WHAT THE TASK ASKS
All of the data below should be set down again verbatim, without any images.

GIVEN RECORDS

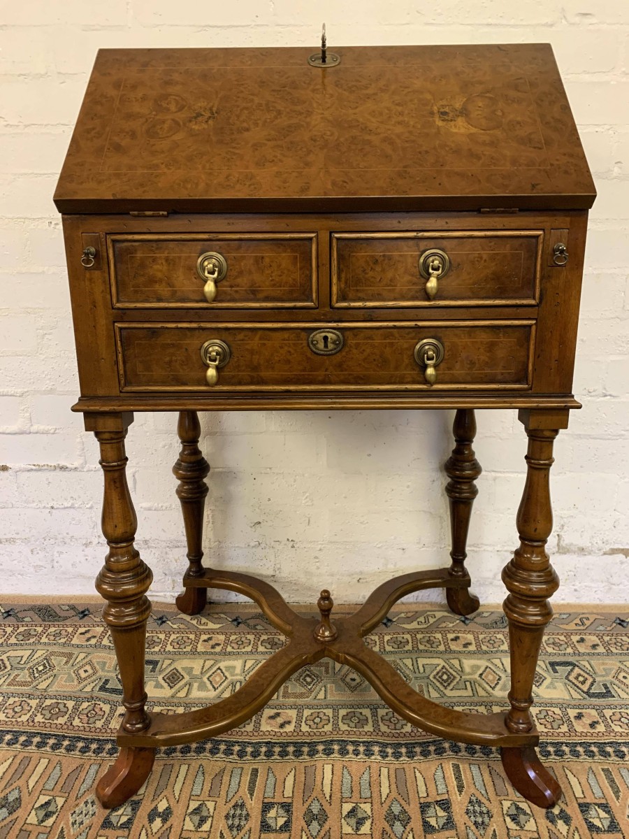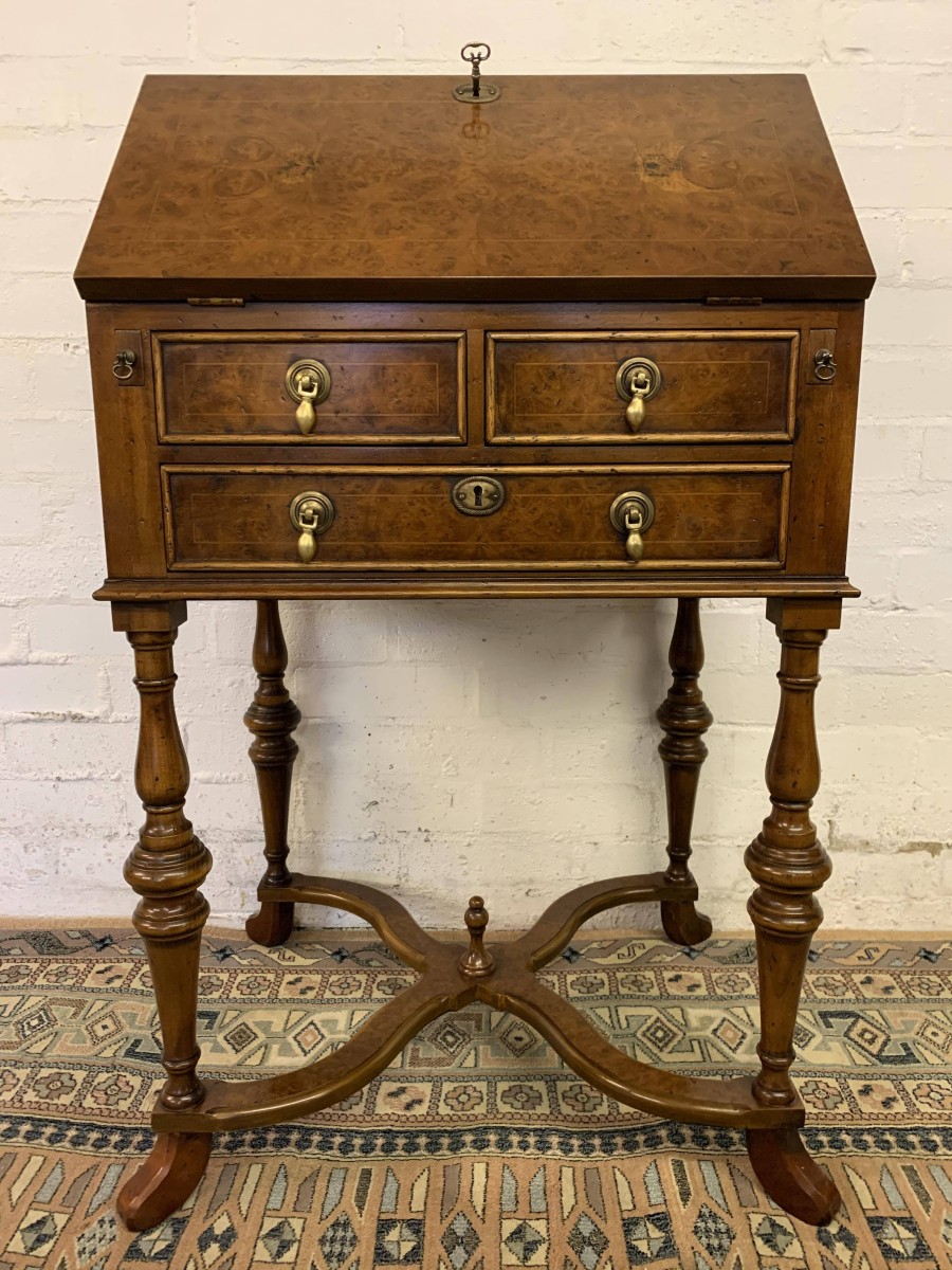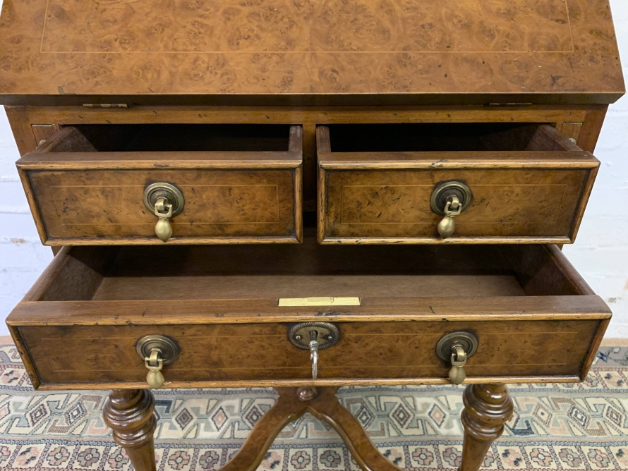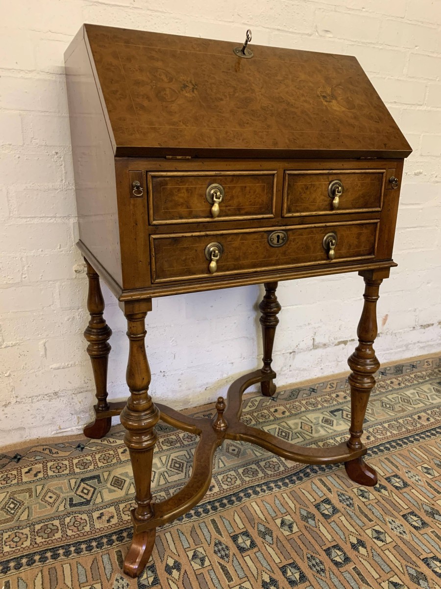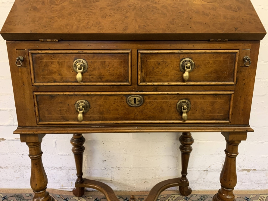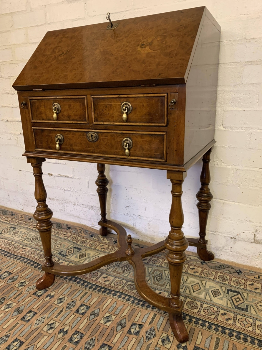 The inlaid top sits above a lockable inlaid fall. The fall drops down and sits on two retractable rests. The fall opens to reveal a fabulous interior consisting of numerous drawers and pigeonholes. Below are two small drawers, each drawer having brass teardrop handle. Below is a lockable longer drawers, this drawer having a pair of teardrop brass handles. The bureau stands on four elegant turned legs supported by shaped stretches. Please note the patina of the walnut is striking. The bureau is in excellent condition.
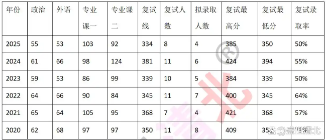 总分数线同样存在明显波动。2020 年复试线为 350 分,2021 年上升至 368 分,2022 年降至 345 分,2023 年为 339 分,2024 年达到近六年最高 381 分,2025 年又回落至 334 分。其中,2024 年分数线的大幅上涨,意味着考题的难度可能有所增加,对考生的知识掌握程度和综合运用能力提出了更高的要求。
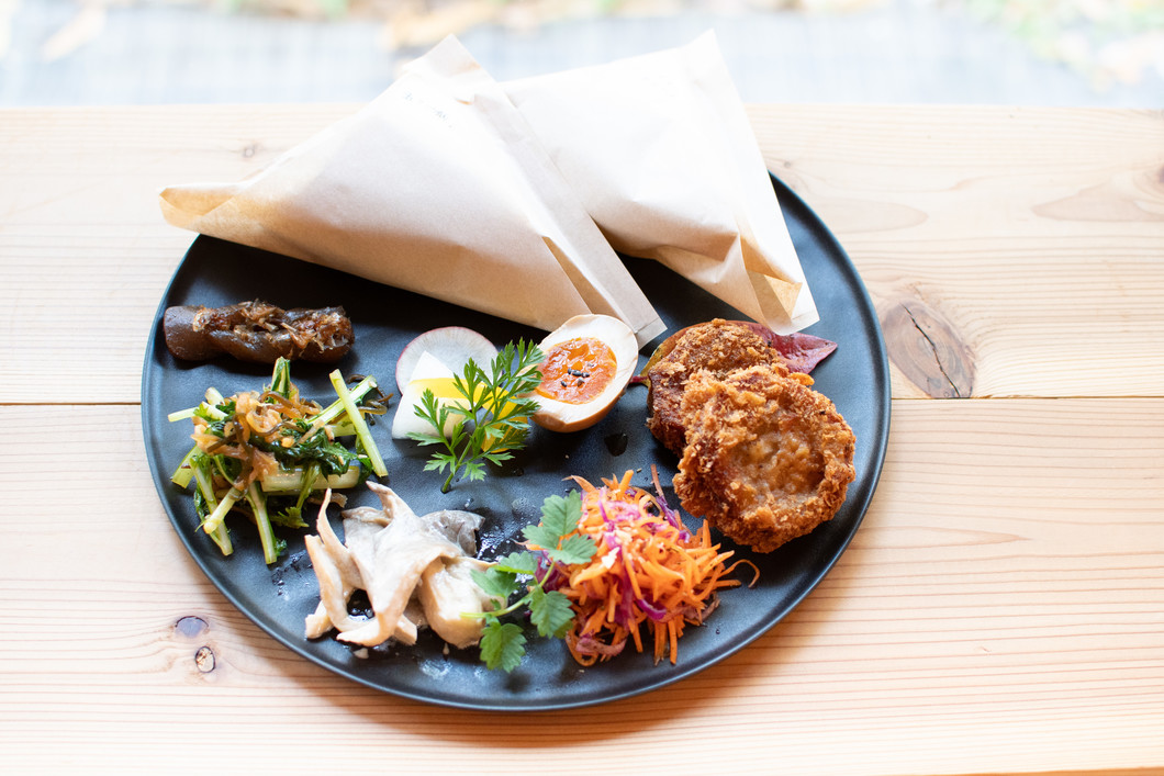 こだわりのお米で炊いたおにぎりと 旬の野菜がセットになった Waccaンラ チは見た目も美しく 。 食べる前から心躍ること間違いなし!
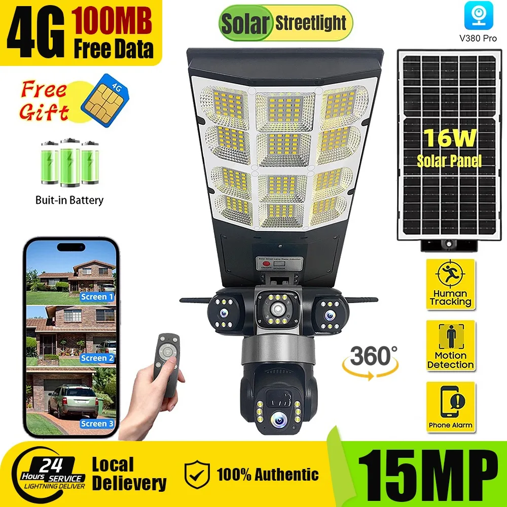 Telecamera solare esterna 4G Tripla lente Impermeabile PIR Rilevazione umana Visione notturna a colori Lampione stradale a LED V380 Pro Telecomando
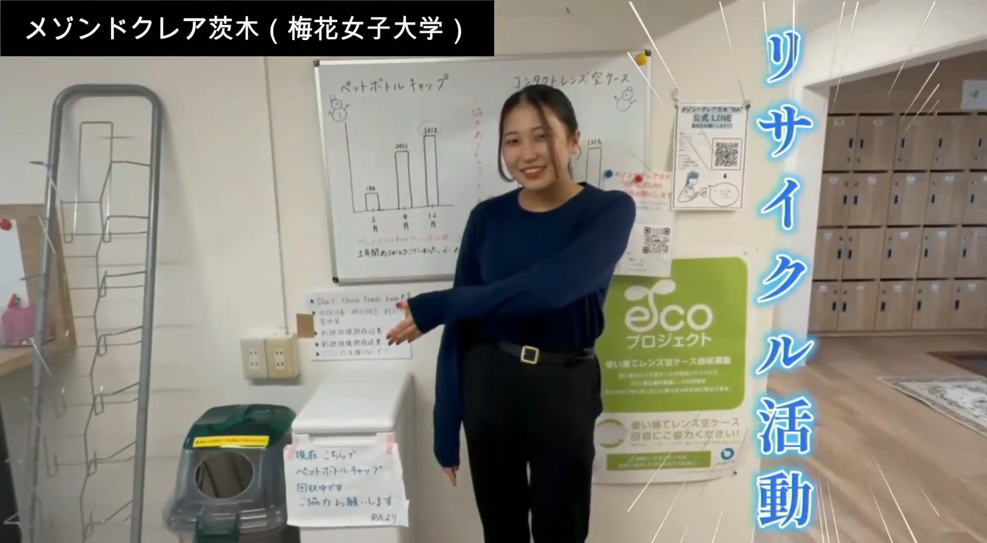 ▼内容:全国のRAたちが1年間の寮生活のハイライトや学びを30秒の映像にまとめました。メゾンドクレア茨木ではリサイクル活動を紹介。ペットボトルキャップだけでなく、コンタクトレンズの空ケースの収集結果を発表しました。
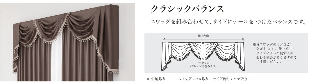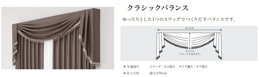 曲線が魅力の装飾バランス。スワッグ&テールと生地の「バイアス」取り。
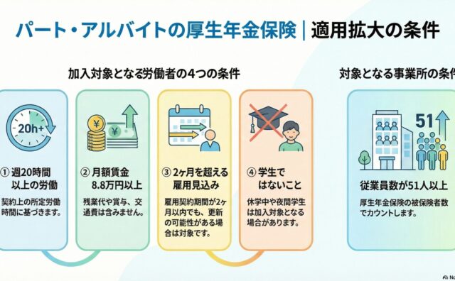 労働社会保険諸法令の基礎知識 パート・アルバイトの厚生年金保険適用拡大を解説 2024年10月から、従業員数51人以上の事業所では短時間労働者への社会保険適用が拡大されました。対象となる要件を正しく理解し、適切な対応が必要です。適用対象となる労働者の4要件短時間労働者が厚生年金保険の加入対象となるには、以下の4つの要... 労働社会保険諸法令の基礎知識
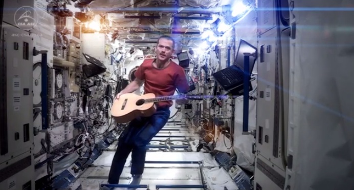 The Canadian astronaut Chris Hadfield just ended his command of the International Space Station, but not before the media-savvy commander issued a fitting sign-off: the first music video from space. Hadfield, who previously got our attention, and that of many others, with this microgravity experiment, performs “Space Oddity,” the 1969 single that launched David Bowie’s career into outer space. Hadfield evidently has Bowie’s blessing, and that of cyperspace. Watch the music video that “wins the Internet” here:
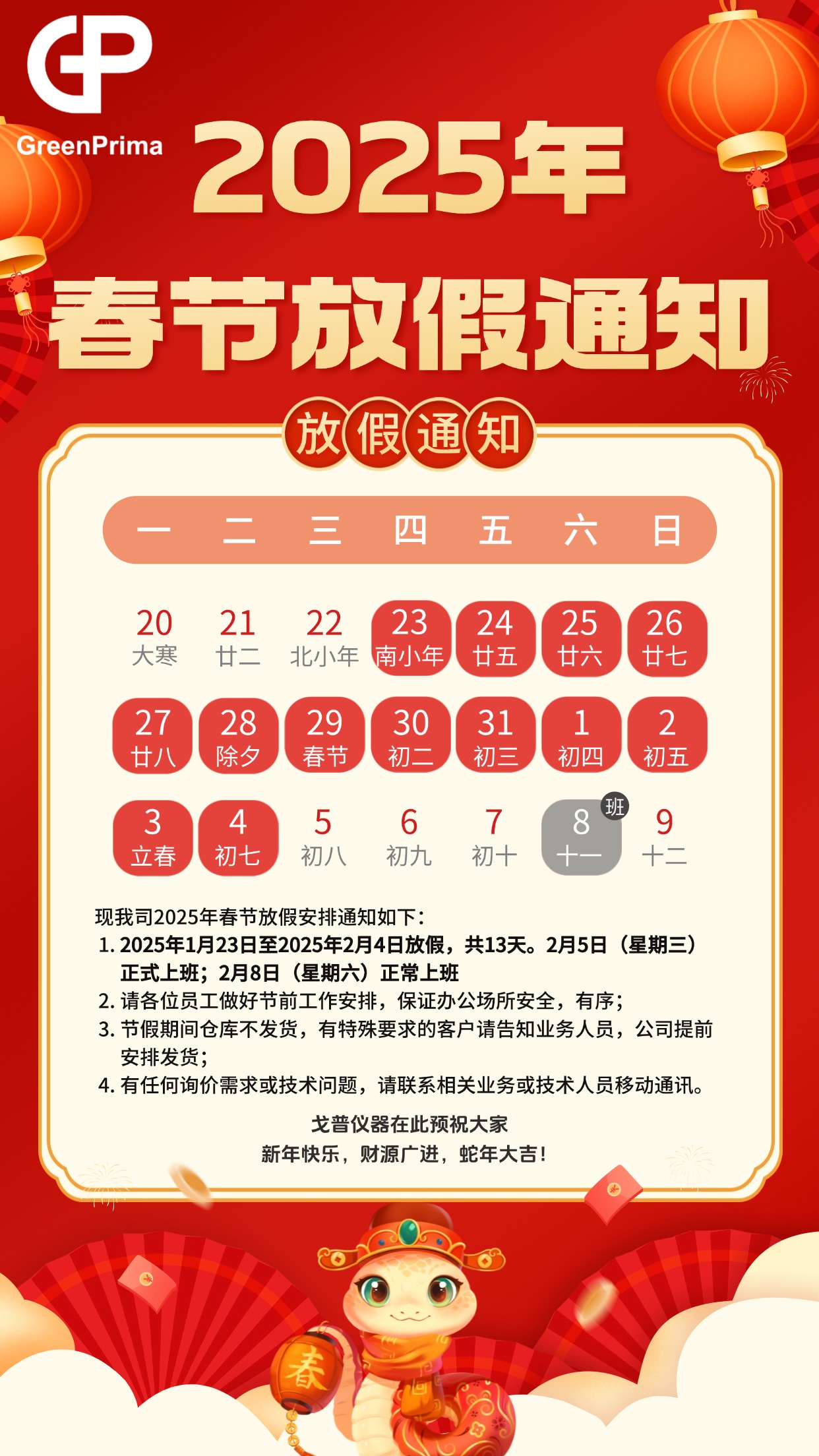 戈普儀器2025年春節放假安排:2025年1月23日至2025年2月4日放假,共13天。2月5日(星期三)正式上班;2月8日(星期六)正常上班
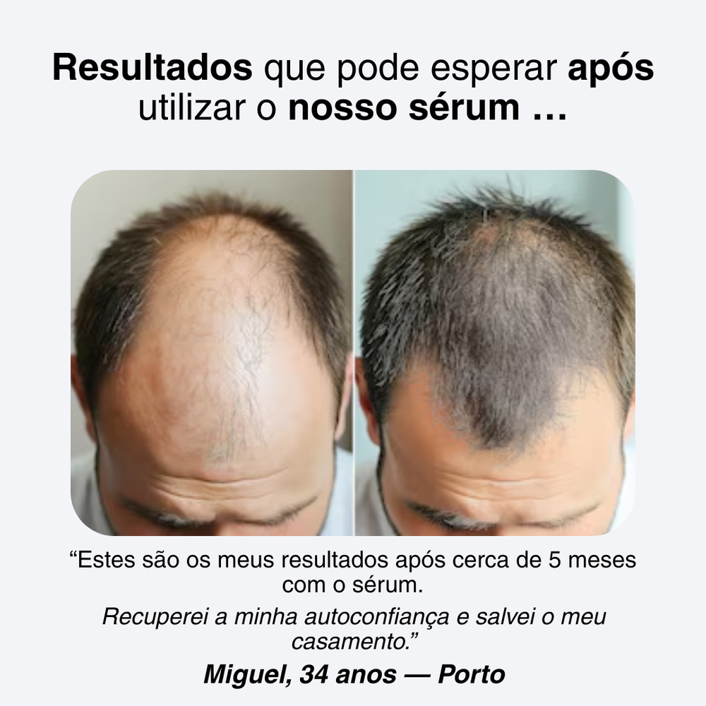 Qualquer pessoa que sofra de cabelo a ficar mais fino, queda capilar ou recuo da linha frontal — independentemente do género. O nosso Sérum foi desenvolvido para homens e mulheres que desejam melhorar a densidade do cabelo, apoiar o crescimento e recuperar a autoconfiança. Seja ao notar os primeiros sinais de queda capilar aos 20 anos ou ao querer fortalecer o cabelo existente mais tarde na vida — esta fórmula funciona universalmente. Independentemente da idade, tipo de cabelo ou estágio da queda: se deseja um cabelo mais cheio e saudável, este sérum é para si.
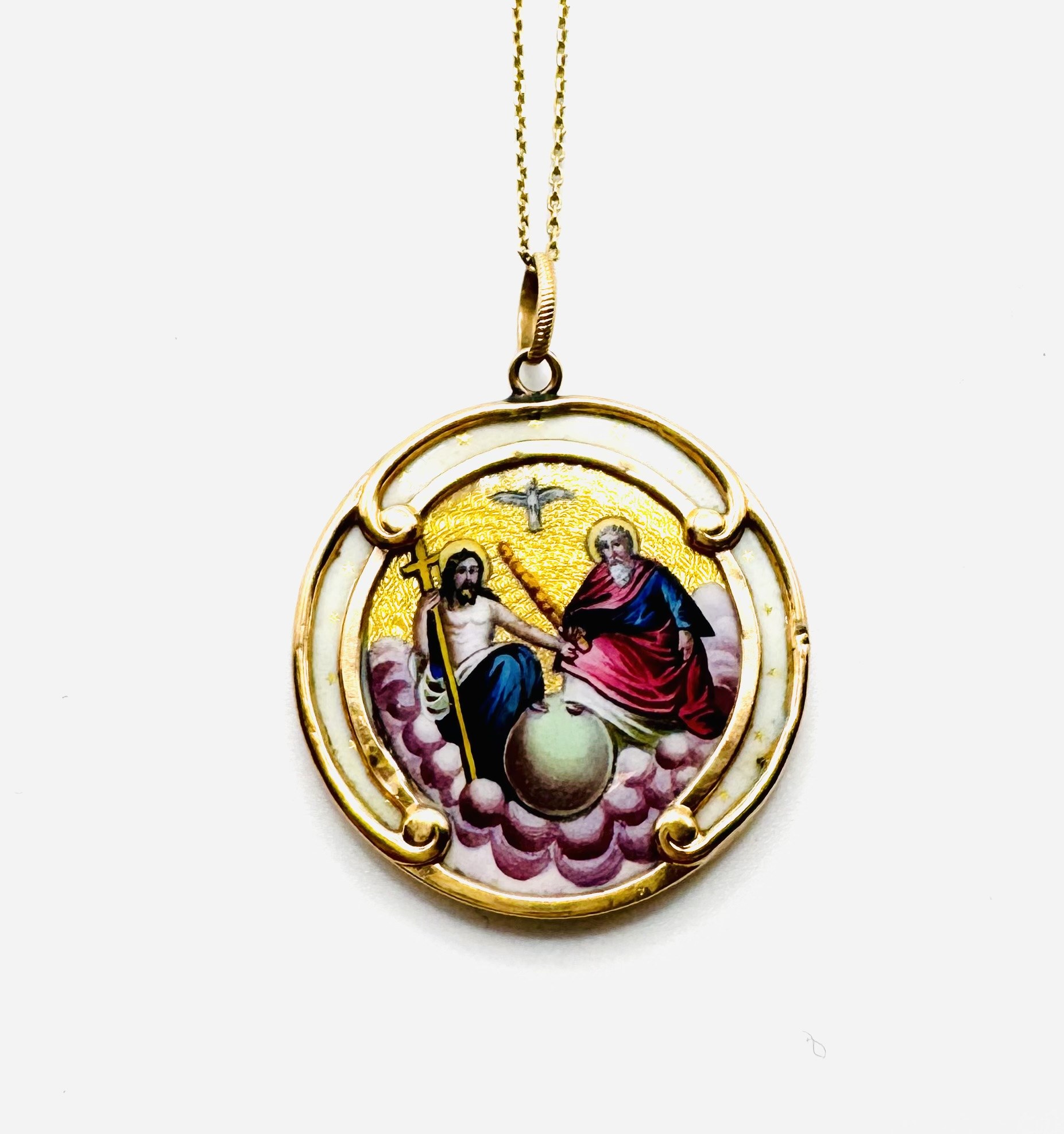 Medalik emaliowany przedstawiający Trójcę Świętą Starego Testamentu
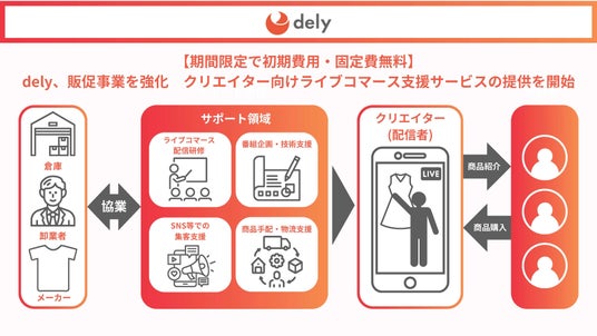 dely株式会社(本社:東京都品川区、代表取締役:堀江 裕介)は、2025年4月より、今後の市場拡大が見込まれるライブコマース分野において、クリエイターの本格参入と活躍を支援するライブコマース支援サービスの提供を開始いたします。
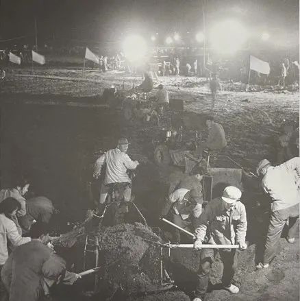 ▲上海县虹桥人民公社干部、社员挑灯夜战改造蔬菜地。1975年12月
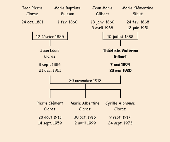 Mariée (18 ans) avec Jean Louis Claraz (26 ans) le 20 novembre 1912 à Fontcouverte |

EXERCISE ANSWER
 The inlaid top sits above a lockable inlaid fall. The fall drops down and sits on two retractable rests. The fall opens to reveal a fabulous interior consisting of numerous drawers and pigeonholes. Below are two small drawers, each drawer having brass teardrop handle. Below is a lockable longer drawers, this drawer having a pair of teardrop brass handles. The bureau stands on four elegant turned legs supported by shaped stretches. Please note the patina of the walnut is striking. The bureau is in excellent condition.
 总分数线同样存在明显波动。2020 年复试线为 350 分,2021 年上升至 368 分,2022 年降至 345 分,2023 年为 339 分,2024 年达到近六年最高 381 分,2025 年又回落至 334 分。其中,2024 年分数线的大幅上涨,意味着考题的难度可能有所增加,对考生的知识掌握程度和综合运用能力提出了更高的要求。
 こだわりのお米で炊いたおにぎりと 旬の野菜がセットになった Waccaンラ チは見た目も美しく 。 食べる前から心躍ること間違いなし!
 Telecamera solare esterna 4G Tripla lente Impermeabile PIR Rilevazione umana Visione notturna a colori Lampione stradale a LED V380 Pro Telecomando
 ▼内容:全国のRAたちが1年間の寮生活のハイライトや学びを30秒の映像にまとめました。メゾンドクレア茨木ではリサイクル活動を紹介。ペットボトルキャップだけでなく、コンタクトレンズの空ケースの収集結果を発表しました。
 曲線が魅力の装飾バランス。スワッグ&テールと生地の「バイアス」取り。
 労働社会保険諸法令の基礎知識 パート・アルバイトの厚生年金保険適用拡大を解説 2024年10月から、従業員数51人以上の事業所では短時間労働者への社会保険適用が拡大されました。対象となる要件を正しく理解し、適切な対応が必要です。適用対象となる労働者の4要件短時間労働者が厚生年金保険の加入対象となるには、以下の4つの要... 労働社会保険諸法令の基礎知識
 The Canadian astronaut Chris Hadfield just ended his command of the International Space Station, but not before the media-savvy commander issued a fitting sign-off: the first music video from space. Hadfield, who previously got our attention, and that of many others, with this microgravity experiment, performs “Space Oddity,” the 1969 single that launched David Bowie’s career into outer space. Hadfield evidently has Bowie’s blessing, and that of cyperspace. Watch the music video that “wins the Internet” here:
 戈普儀器2025年春節放假安排:2025年1月23日至2025年2月4日放假,共13天。2月5日(星期三)正式上班;2月8日(星期六)正常上班
 Qualquer pessoa que sofra de cabelo a ficar mais fino, queda capilar ou recuo da linha frontal — independentemente do género. O nosso Sérum foi desenvolvido para homens e mulheres que desejam melhorar a densidade do cabelo, apoiar o crescimento e recuperar a autoconfiança. Seja ao notar os primeiros sinais de queda capilar aos 20 anos ou ao querer fortalecer o cabelo existente mais tarde na vida — esta fórmula funciona universalmente. Independentemente da idade, tipo de cabelo ou estágio da queda: se deseja um cabelo mais cheio e saudável, este sérum é para si.
 Medalik emaliowany przedstawiający Trójcę Świętą Starego Testamentu
 dely株式会社(本社:東京都品川区、代表取締役:堀江 裕介)は、2025年4月より、今後の市場拡大が見込まれるライブコマース分野において、クリエイターの本格参入と活躍を支援するライブコマース支援サービスの提供を開始いたします。
 ▲上海县虹桥人民公社干部、社员挑灯夜战改造蔬菜地。1975年12月
 Mariée (18 ans) avec Jean Louis Claraz (26 ans) le 20 novembre 1912 à Fontcouverte |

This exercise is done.